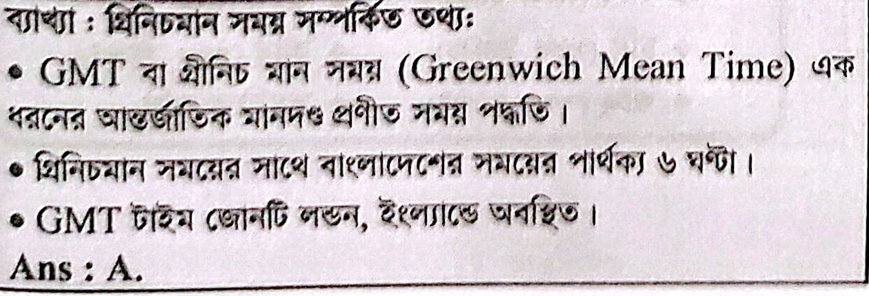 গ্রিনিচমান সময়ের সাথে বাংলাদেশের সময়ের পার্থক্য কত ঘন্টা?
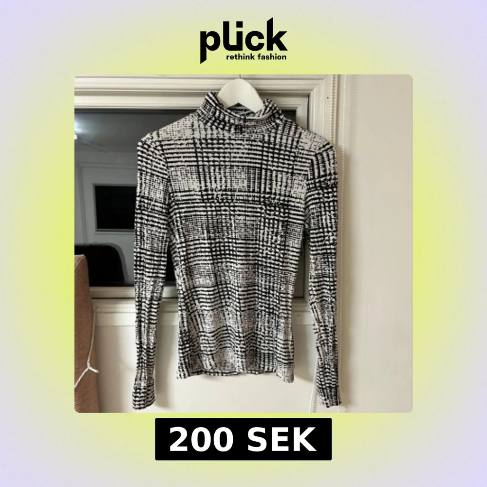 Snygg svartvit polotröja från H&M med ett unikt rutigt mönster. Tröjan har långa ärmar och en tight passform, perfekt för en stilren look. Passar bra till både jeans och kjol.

----

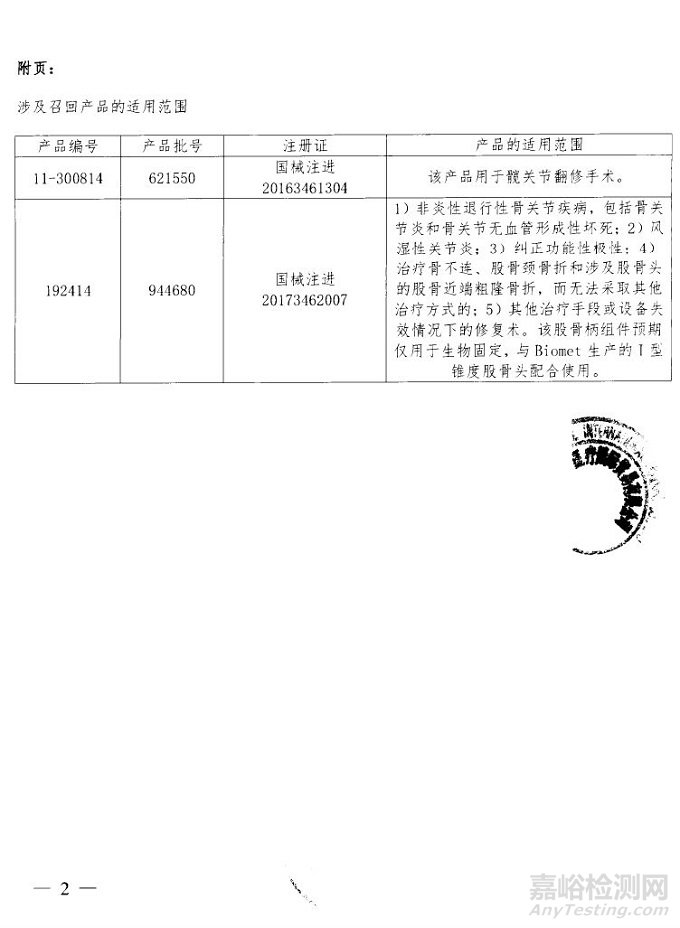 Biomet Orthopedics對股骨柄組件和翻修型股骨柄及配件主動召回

----

The output is the stretch above from the line with "গ্রিনিচমান সময়ের সাথে" through the line with "Snygg svartvit polotröja", copied word for word with both ends kept and every picture dropped.

 গ্রিনিচমান সময়ের সাথে বাংলাদেশের সময়ের পার্থক্য কত ঘন্টা?
 Snygg svartvit polotröja från H&M med ett unikt rutigt mönster. Tröjan har långa ärmar och en tight passform, perfekt för en stilren look. Passar bra till både jeans och kjol.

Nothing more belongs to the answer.